**TRY IT**
Transcribe the entries below exactly, starting with the line that has "NON-PE 무지 크라프트 테이프-1개(48mm*50M)" and stopping after the line that has "(太陽光発電の経済・防災面の"; no pictures belong in the copy.

**RECORDS FOR THE TASK**
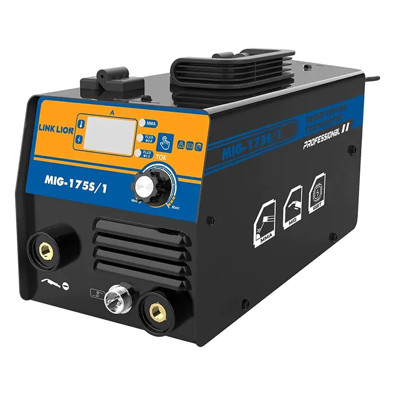 Современный цифровой безгазовый инверторный полуавтомат Link Lion MIG-175S/1 предназначен для полуавтоматической безгазовой сварки самозащитной (порошковой) проволокой 0.8-1.0 мм., и дуговой сварки штучным электродом 1.6 до 4.0 мм (без газа). Данный инверторный полуавтомат подходит для сварки тонких металлов.
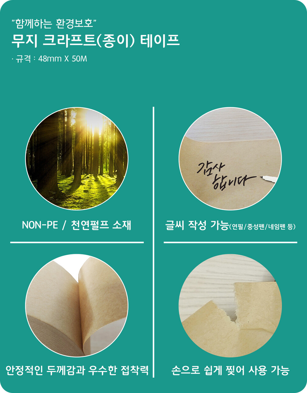 NON-PE 무지 크라프트 테이프-1개(48mm*50M)
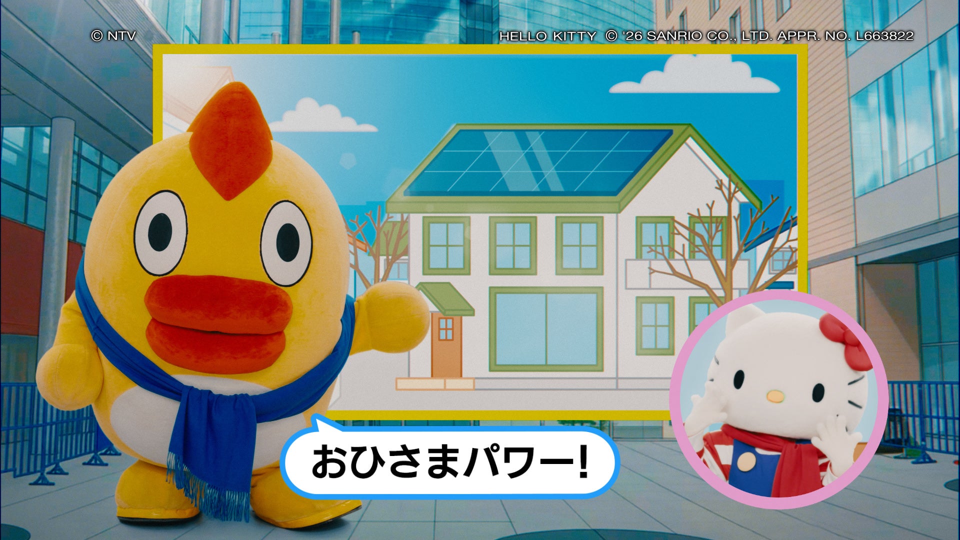 (太陽光発電の経済・防災面のメリットをそらジローが説明し、ハローキティが「ここちよい暮らし」の実現を呼びかける)
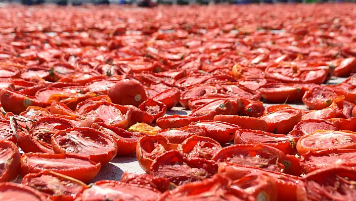 Domates üretiminde büyük bir iş gücü gerekiyor. İlkbahar döneminde yaklaşık 300 kişiyle başlayan çalışmalar, hasat zamanı geldiğinde 600 işçinin katılımıyla devam ediyor. İşçiler tarladan topladıkları domatesleri makine ve bıçaklarla ikiye bölüyor, ardından tuzlayarak güneşin altında kurumaya bırakıyor. Kurutma sürecinin ardından domatesler, paketlenip hem Türkiye pazarına hem de yurt dışına gönderiliyor. Üreticiler, organik şekilde ve ilaç kullanılmadan yetiştirilen domateslerin tamamen doğal yöntemlerle sofralara ulaştırıldığını belirtiyor.
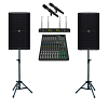 Комплект звукоусилительной аппаратуры на базе оборудования MACKIE, включающий две активные акустические системы MACKIE THUMP212 и микшерный пульт MACKIE ProFX12v3+, а также беспроводную микрофонную систему ROCKDALE PRO Stage 220 BK Vocal. В состав набора входят напольные стойки и комплект коммутационных кабелей. Подходит для стационарных установок и выездных мероприятий в барах, ресторанах, караоке-клубах, на репетиционных базах и других площадках, где важен качественный звук.

**RESULT FOR THIS EXERCISE**
 NON-PE 무지 크라프트 테이프-1개(48mm*50M)
 (太陽光発電の経済・防災面のメリットをそらジローが説明し、ハローキティが「ここちよい暮らし」の実現を呼びかける)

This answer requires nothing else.